5. Error Handling and Retry Logic

POET functions include sophisticated error handling with domain-aware retry strategies:

def robust_poet_function(data: dict) -> dict:
    poet_status = get_poet_status()
    max_retries = 3

    for attempt in range(max_retries):
        try:
            result = execute_domain_logic(data)
            return result
        except DomainError as e:
            log(f"Domain error on attempt {attempt + 1}: {e}")

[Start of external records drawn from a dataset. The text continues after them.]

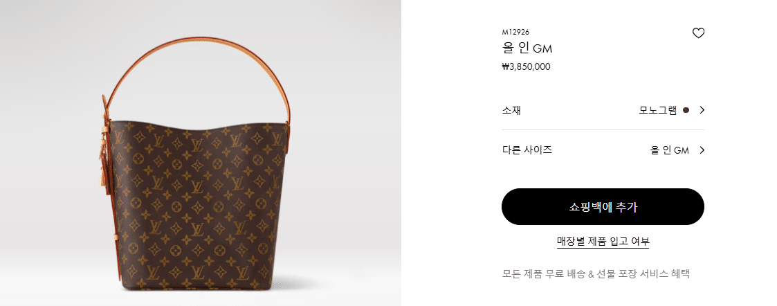 “[루이비통] 올 인 GM M12926”의 첫 상품평을 남겨 주세요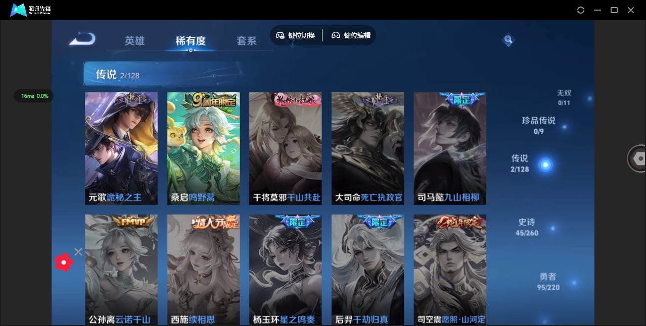 - [12233897]V6 2珍品传说 7传说 93英雄 75皮肤 可修改实名 优质装备:怪盗基德,器灵·落星盏,久胜战神,无双飞将,澜逐花归海 传说皮:祥瑞亨通 限定皮:愿照·九州拓(澜年限),愿照·山河定(司空震年限),逐霄战戟,鸣野蒿 史诗皮:百相守梦-百里守约,水果甜心,心灵骇客,鬼剑武藏,缤纷独角兽,水晶猎龙者,箭羽风息,原初追逐者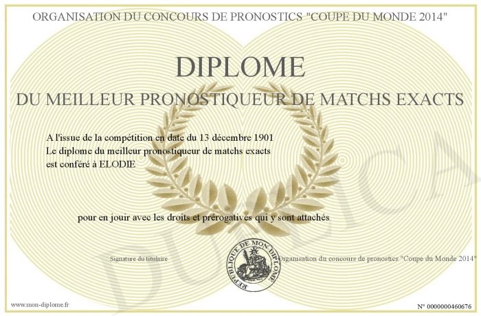 Envoyez par email votre diplome du meilleur pronostiqueur de matchs exacts personalisé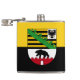 Vinyl wrapped flask with variant flag of Saxony-Anhalt; design with two horizontal bands of yellow (golden) and black, and with state’s coat of arms in the centre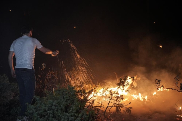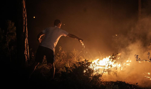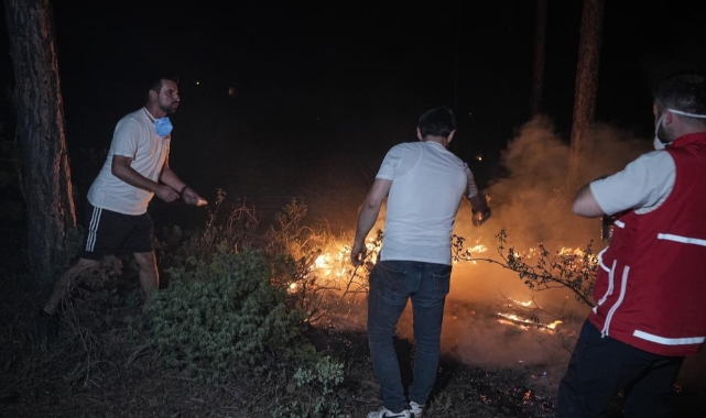 Havanın kararmasıyla birlikte alevler daha da belirgin hale gelirken, yangının oluşturduğu tehlike gözler önüne serildi.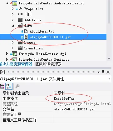 三 下面的android Sdk事实上我们需要的是jar文件,我们新建一个“android绑定库项目“,然后把jar文件放到jars文件夹里,把它的生成方式改成“EmbeddedJar”,然后在目标的android应用程序里引用它即可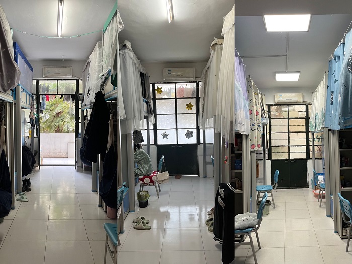 检查内容包括宿舍卫生情况及宿舍用电安全问题,学生干部从地面卫生、垃圾清理、物品摆放、床铺整洁度、阳台卫生及宿舍文化等六个维度对宿舍进行了检查和评分。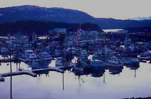 Wednesday 24 May 2000 On the road again! 9 am flight with Randy and Larry from SFO to Seattle and Anchorage, arriving very late. Quick run to a nearby gate for a connection with another Alaska Airlines flight to Cordova, intense argument with the airline gate agent, who insists I check our HDTV camera, which is in a soft carryon case. "That won't fit in the overhead bin and there's no extra room -- the flight is full, sir," I am told. "But, ma'am, this is a $100,000 television camera which is not packed to go in the hold. There's no way......" Fortunately, the flight attendant on the plane comes to my rescue. The flight isn't even half full, despite what the gate agent says, and there's plenty of room. We meet Jon McDonald, who's flown in from Austin, and Kat Brady, our Anchorage-based Production Manager, on board (despite the fact that the same gate agent had told us that they hadn't checked in yet). Short flight to Cordova, a small fishing village on the Alaska coast Southwest of Anchorage. Winter population 1500, summer population about double that. Amazingly, all our gear and luggage has arrived with us, despite the short turnaround in Anchorage. But my poor suitcase, which was previously sullied and soiled by Continental, has now been damaged by Alaska Airlines. The big flat pocket on the side is hanging open and empty. Upon inspection, however, nothing is torn, but the zipper on that pocket has been torn from its seams with great force. Two things missing: a small empty backpack, which arrives on its own later that night, and a short strap used to attach another bag on the side. The airline pays me for the loss of the strap and finds a seamstress in town to stitch up my bag. We check into the Reluctant Fisherman Inn, surely the oddest name I've ever encountered for a hotel. Our rooms have a view of the harbor and the fishing boats right below us. The town is surrounded by snow-covered mountains -- at sea level !! -- yet the temperature is quite temperate. I speak by phone to Greg Kern, our gaffer in Anchorage, who will be coming to Cordova Friday with two grips and our lighting gear. Cordova is only accessible by air and water, so everything must be flown in. Like many places in Alaska, if you're in a car, you can't get there from here. We have salmon for dinner (when in Alaska, after all...) and do some shooting in the harbor before the sunset at 10:42pm! This far north, the days are very long in May (sunrise is at 4:32 am!) and Larry promises to work us 20 hours a day. During our stay at the Reluctant I wake often during the night and go to the window to watch the sky. In the west it stays light for many hours after the nominal sunset. In fact, it never really gets completely dark. I take a shot of the harbor at 11 pm from the window of my room. |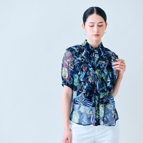 ・鮮やかなカラーリングが目を惹くマリンプリントのブラウス。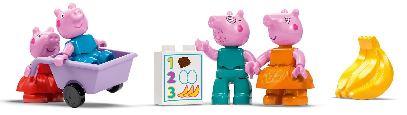*LEGO DUPLO Peppa Pig shop toy for toddlers*Help girls and boys aged 2 and over role-play a trip to the shop with the LEGO DUPLO Peppa Pig Supermarket (10434) toy. Preschoolers become one of the family as they drive to buy food in the iconic red car from the show. This build-and-rebuild toy for toddlers is packed with accessories to spark creative role play. With 4 figures – a Peppa Pig toy, George, Mummy Pig and Daddy Pig – toddlers can pretend to be both the parents and the children. Preschoolers will recognise items from a real-world supermarket, such as the self-checkout, shopping trolley and chiller cabinet.This LEGO DUPLO Peppa Pig learning toy for preschoolers helps kids develop skills as they think logically while playing out shopping trips inspired by the TV show. Families can also explore feelings through play. This relatable scene will spark conversations between grown-ups and toddlers about behaviours when in the shop and – importantly – who gets to push the trolley!*Features:** Toddlers enjoy shopping role play with the Peppa Pig supermarket toy* Comes with 4 figures – George, Mummy, Daddy and a Peppa Pig toy* Build-and-rebuild toy includes lots of recognisable supermarket features* Toddlers finesse fine motor skills as they open the chiller cabinet door* Special-occasion gift idea for preschoolers who love Peppa Pig toys* This creative toy develops fine motor skills and self-expression* LEGO DUPLO Peppa Pig toys guarantee a safe play experience* This 70-piece set measures over 21 cm (8.5 in.) high and 57 cm (22 in.) wide*Specifics**Item*: 10434*Pieces*: 70*Ages*: 2+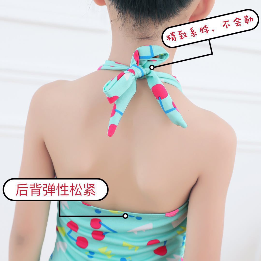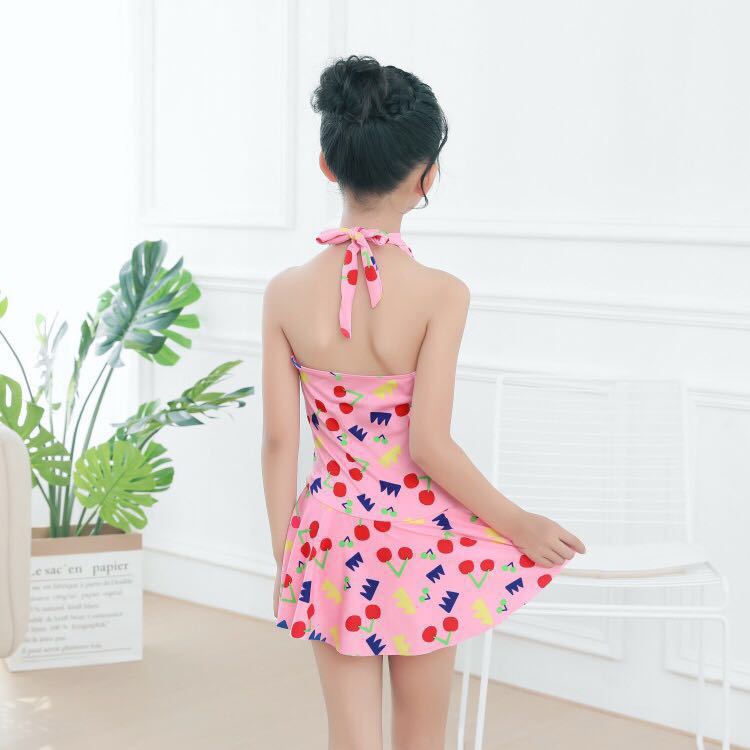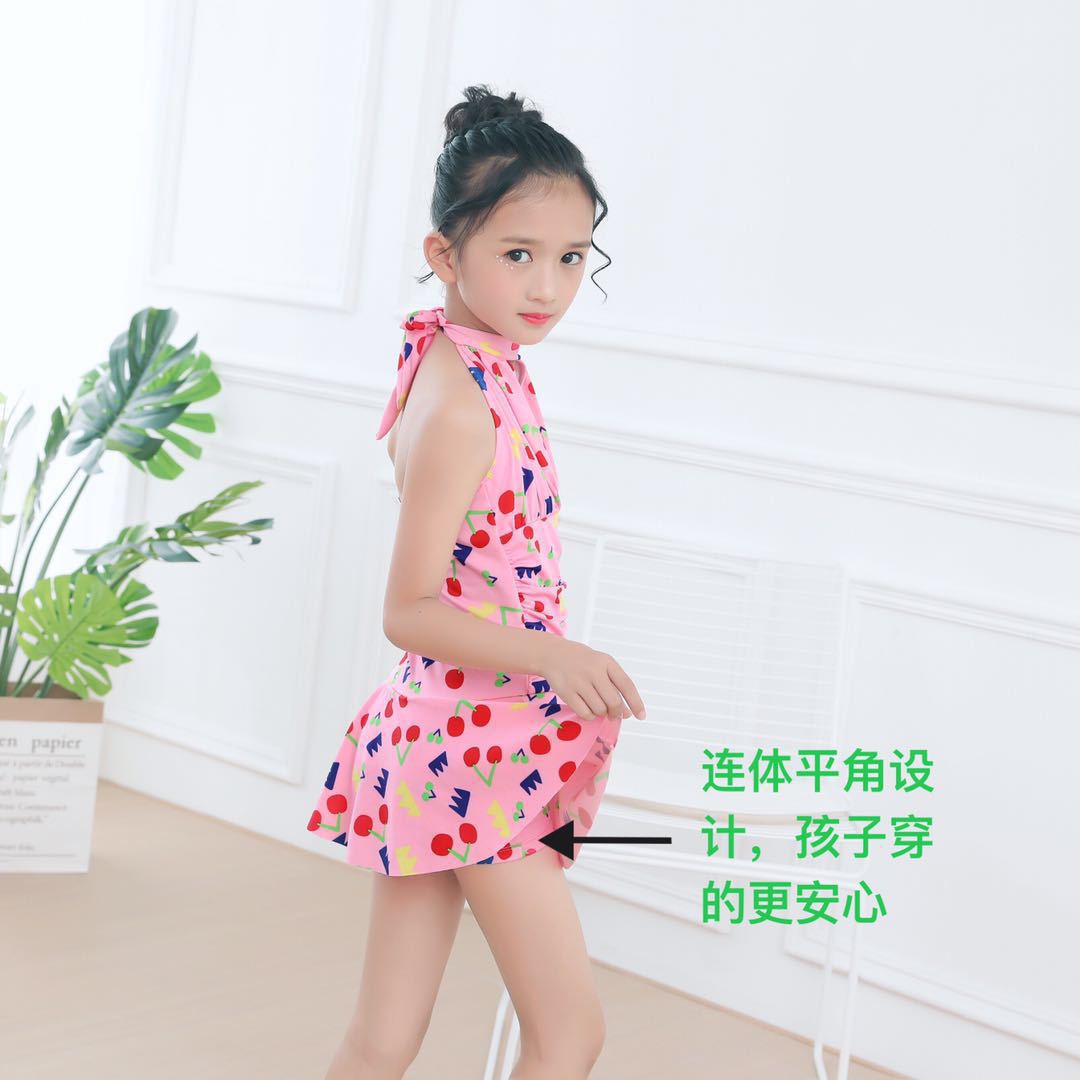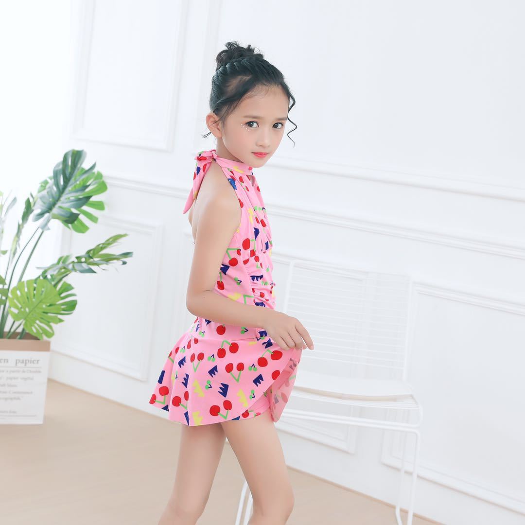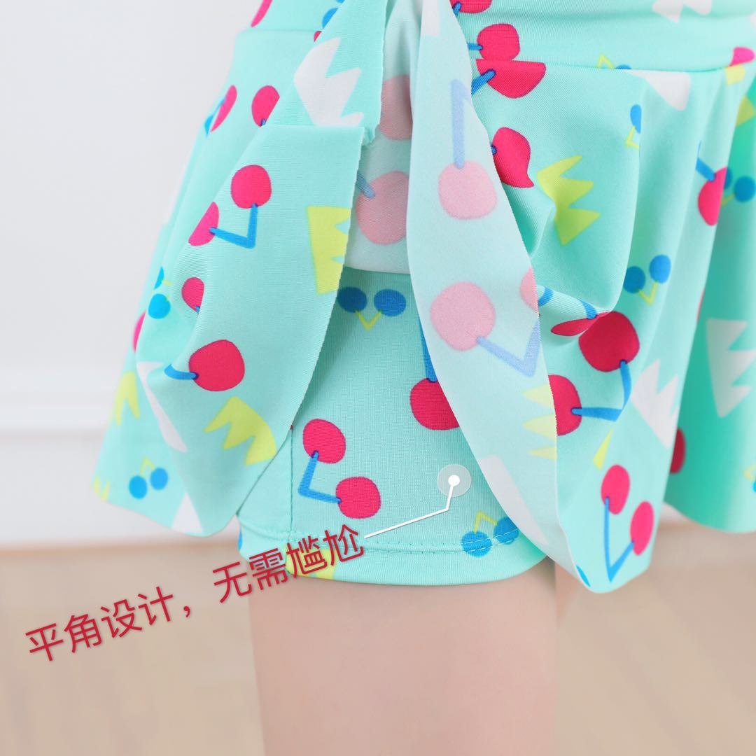 新款夏季儿童裙式泳衣学生个性防走光平角裤樱桃印花褶皱设计泳装

            if attempt < max_retries - 1:
                # Apply domain-specific recovery strategy
                data = apply_error_recovery(data, e, poet_status.domain)
            else:
                raise e

    raise MaxRetriesExceeded(f"Failed after {max_retries} attempts")

6. Resource Management

POET execution includes automatic resource management:

  • LLM Connection Pooling: Efficient reuse of LLM connections
  • Context Scoping: Automatic cleanup of temporary contexts
  • Memory Management: Optimization for large-scale processing
  • Cache Management: Intelligent caching of domain knowledge

7. Integration with Dana Interpreter

POET functions integrate seamlessly with the Dana interpreter:

  • Function calls are transparent to the caller
  • POET context is automatically managed
  • Resource allocation follows Dana's sandbox model
  • Error propagation follows Dana's exception handling

8. Performance Considerations

  • Lazy Loading: Domain contexts loaded on-demand
  • Connection Reuse: LLM connections pooled across function calls
  • Caching: Intelligent caching of reasoning results
  • Batch Processing: Optimized batch operations for large datasets

Note: This document describes the conceptual POET execution model. Implementation details may vary based on the specific domain plugins and LLM integrations configured.